O protocolo entrou em vigor na segunda-feira por um período de dez anos, automaticamente renovável, tendo ficado escrito que foi feito pela "necessidade de clarificar, de forma juridicamente robusta, o regime de comodato" entre a Museus e Monumentos de Portugal e a Fundação do Centro Cultural de Belém.

Coleção foi constituída por João Rendeiro avaliada em 30 milhões

A Coleção Ellipse, constituída pelo antigo banqueiro João Rendeiro, é composta por 849 obras de arte de artistas portugueses e estrangeiros e está avaliada em 30 milhões de euros. Passou para a tutela pública em 2022, integrada no acervo da Coleção de Arte Contemporânea do Estado (CACE), cuja gestão é da MMP.

Quando foram adquiridas pelo Estado, as obras da Coleção Ellipse ficaram depositadas no Museu de Arte Contemporânea no Centro Cultural de Belém, inaugurado em 2023.

Só que, em dezembro passado, o governo anunciou que a CACE ficará num espaço em Alcabideche, no concelho de Cascais, a ser inaugurado até junho de 2026 com a designação CACE Centro.

Este CACE Centro é criado num espaço adquirido à Ellipse Foundation, por 3,45 milhões de euros, e terá áreas expositivas, reservas visitáveis e serviço educativo próprio.

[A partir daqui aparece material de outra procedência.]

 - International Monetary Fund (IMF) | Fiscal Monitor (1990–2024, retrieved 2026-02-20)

A assinatura daquele protocolo é anunciado dias depois da divulgação de uma carta aberta dirigida à ministra da Cultura e assinada por mais de 140 artistas, curadores e profissionais da arte contemporânea que apelavam à permanência da Coleção Ellipse em "depósito permanente" no MAC/CCB.

Os 147 signatários da carta recordavam que o MAC/CCB foi constituído com base na articulação entre três conjuntos - a Coleção Berardo, a Coleção Ellipse e a Coleção Teixeira de Freitas - permitindo, "de forma inédita em Portugal, o estabelecimento de um panorama contínuo, consistente e internacional da arte moderna e contemporânea, de 1909 à atualidade".

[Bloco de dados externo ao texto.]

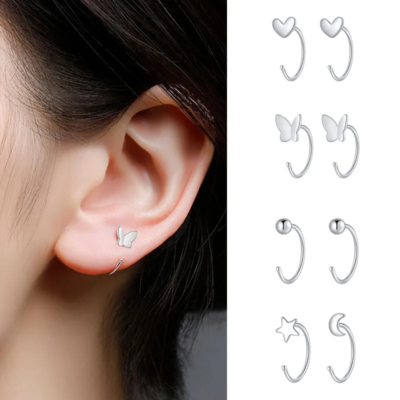 Серебристые геометрические серьги-бабочки для женщин, маленькие открытые серьги-кольца Для Пирсинга Ушей, ювелирные изделия для девочек
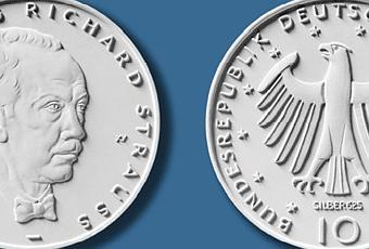Suite à une décision du gouvernement fédéral allemand, une pièce commémorative a été frappée à l'occasion du 150èeme anniversaire de la naissance de Richard Strauss (1864-1949), compositeur allemand né le 11 juin 1864 à Munich..

Os subscritores alertavam que a eventual transferência da tutela da Coleção Ellipse para a CACE colocaria em causa essa articulação, duplicando "funções, equipas e orçamentos", e defendem que apenas o MAC/CCB está preparado para assegurar esse enquadramento museológico.

Entre os subscritores da carta estão artistas, curadores, historiadores, museólogos e galeristas como Adelaide Ginga, Adriana Molder, Ana Jotta, Ana Pérez-Quiroga, Carlos Bunga, Cristina Guerra, Delfim Sardo, Fernanda Fragateiro, Francisco Tropa, Gonçalo Pena, Guta Moura Guedes, José Luis Porfírio, José Pedro Croft, Manuel Aires Mateus, Marco Martins, Pedro Cabrita Reis, Pedro Cera, Rui Chafes, Sara Bichão e Vhils.

A CACE "é a maior coleção pública de arte contemporânea nacional e internacional" e reúne cerca de 3.200 obras adquiridas desde 1976 e avaliadas em mais de 100 milhões de euros, refere o Ministério da Cultura em nota de imprensa.

As obras desta coleção foram sendo adquiridas pelo Estado com o objetivo de apoiar os artistas nacionais, de preservar a criação artística contemporânea e de promovê-la junto do público.

Apesar de ter sido criada nos anos 1970, a CACE - anteriormente designada Coleção SEC - ficou paralisada, sem novas aquisições, durante cerca de vinte anos.

As aquisições foram retomadas em 2019, através da criação de comissões para identificar obras de artistas plásticos contemporâneos, com vista à integração no programa de aquisição de arte contemporânea portuguesa do Estado.